Viens-tu troubler, avec ta puissante grimace La fête de la Vie?.. Baudelaire.[1]

Оно подкралось незаметно, как вор, подкралось во тьме, освещая себе путь зеленым глазом. Оно наполнило все вокруг своим черным дыханием, проникло ко мне в сердце, разлилось с кровью по моим артериям, затуманило мне мозг… Я ждал, мучился, рвался, ненавидел, страдал, приходил в отчаяние и, главное, ревновал, болезненно ревновал…
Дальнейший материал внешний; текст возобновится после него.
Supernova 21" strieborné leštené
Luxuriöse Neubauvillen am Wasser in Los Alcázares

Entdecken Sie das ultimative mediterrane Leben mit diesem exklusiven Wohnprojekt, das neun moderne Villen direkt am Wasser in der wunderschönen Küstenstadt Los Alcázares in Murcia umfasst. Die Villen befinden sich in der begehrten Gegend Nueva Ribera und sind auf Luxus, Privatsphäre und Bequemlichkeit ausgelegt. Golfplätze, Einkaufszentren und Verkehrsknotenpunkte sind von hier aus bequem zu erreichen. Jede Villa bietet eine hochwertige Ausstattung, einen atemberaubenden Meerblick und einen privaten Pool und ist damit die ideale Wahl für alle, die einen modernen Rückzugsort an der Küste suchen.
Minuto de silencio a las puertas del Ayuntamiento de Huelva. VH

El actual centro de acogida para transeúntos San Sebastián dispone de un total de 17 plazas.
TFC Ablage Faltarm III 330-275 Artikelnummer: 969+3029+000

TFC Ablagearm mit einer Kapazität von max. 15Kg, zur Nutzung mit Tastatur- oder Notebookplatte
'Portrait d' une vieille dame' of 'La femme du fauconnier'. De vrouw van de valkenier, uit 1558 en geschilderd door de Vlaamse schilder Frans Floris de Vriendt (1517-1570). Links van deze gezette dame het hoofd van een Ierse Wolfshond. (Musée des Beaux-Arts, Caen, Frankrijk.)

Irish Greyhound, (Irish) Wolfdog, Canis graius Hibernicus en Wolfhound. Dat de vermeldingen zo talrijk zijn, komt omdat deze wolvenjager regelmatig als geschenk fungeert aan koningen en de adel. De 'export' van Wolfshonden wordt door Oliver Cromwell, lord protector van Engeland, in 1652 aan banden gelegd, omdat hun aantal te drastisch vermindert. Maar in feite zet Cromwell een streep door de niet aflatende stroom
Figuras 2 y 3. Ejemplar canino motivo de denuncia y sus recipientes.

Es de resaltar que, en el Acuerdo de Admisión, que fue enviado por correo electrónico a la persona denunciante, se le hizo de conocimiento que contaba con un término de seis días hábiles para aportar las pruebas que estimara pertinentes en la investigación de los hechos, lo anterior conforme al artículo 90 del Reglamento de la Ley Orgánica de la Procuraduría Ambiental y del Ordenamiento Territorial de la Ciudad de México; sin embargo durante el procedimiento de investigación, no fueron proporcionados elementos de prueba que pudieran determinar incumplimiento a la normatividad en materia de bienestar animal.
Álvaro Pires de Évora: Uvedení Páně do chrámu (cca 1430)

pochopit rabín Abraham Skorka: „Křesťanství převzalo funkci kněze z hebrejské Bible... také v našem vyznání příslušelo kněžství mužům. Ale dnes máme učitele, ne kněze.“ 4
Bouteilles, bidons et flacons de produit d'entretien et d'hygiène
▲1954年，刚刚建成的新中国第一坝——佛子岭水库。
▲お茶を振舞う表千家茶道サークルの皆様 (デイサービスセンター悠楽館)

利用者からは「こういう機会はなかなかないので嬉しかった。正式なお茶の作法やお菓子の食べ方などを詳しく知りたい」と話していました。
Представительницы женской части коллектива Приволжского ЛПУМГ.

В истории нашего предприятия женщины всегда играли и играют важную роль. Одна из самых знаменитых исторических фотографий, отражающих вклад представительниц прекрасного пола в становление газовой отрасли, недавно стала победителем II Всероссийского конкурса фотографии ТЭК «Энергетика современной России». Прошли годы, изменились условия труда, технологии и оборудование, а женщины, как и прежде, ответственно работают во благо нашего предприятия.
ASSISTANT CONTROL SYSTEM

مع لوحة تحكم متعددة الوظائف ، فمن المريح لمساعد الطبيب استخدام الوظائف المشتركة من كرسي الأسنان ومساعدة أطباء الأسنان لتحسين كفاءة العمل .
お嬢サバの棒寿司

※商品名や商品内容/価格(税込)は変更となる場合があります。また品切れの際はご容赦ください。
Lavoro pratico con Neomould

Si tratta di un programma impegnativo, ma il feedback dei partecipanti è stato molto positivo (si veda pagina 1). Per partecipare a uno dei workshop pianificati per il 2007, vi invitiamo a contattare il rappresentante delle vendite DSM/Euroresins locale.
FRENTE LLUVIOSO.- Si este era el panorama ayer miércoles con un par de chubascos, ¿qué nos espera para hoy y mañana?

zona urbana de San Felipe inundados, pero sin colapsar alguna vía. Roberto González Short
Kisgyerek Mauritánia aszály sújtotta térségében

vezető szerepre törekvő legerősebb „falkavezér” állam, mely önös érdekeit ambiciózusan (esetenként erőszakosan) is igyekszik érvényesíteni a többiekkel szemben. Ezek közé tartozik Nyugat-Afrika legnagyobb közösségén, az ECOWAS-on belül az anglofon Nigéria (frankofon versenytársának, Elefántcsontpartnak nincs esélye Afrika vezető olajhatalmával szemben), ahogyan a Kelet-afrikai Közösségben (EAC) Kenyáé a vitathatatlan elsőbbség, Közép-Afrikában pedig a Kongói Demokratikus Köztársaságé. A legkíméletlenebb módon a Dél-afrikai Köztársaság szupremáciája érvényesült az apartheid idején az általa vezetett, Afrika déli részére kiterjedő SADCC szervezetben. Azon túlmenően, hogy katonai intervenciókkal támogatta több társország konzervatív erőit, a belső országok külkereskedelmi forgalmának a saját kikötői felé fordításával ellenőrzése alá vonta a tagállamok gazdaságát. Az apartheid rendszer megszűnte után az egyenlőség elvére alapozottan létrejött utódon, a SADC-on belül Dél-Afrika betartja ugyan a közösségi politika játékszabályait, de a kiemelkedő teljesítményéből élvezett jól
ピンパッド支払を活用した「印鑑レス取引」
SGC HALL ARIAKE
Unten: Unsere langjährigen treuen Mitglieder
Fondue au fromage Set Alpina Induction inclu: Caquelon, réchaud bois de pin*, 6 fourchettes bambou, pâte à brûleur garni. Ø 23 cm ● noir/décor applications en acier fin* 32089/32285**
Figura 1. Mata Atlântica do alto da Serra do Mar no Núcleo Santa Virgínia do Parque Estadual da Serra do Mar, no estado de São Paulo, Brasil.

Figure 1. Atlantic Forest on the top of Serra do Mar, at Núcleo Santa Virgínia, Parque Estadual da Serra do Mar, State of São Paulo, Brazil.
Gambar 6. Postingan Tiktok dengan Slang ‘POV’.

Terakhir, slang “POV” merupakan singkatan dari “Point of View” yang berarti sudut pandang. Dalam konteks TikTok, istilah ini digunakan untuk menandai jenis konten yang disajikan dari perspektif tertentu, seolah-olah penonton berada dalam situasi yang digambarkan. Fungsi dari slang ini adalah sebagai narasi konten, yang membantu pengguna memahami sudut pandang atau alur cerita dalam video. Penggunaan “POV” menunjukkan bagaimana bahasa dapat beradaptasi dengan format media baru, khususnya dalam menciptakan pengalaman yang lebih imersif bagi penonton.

Началось это вот как. Однажды поздно осенью я поехал с ней на лодке в этот проклятый парк. Уже темнело. Над рекой висела какая-то непонятная серая и влажная масса. Вокруг никого не было видно. Нервными взмахами весел я быстро гнал нашу лодку, стараясь поскорее покинуть город с его жесткими улицами, равнодушными стенами и этими черными, длинными трубами, которые я ненавижу, как подневольный труд. Жалкие городские фонари бежали от нас прочь; их робкое пламя мелькало все реже и реже и, наконец, исчезло совсем. Зато подняла свое бледное, тревожное лицо луна и загадочной, дрожащей улыбкой осветила фигуру моей спутницы, которая сидела впереди меня, на руле.

Тогда она сказала мне:

— Как хорошо и как страшно… Посмотри, вон налево, на берегу — точно огромный саркофаг…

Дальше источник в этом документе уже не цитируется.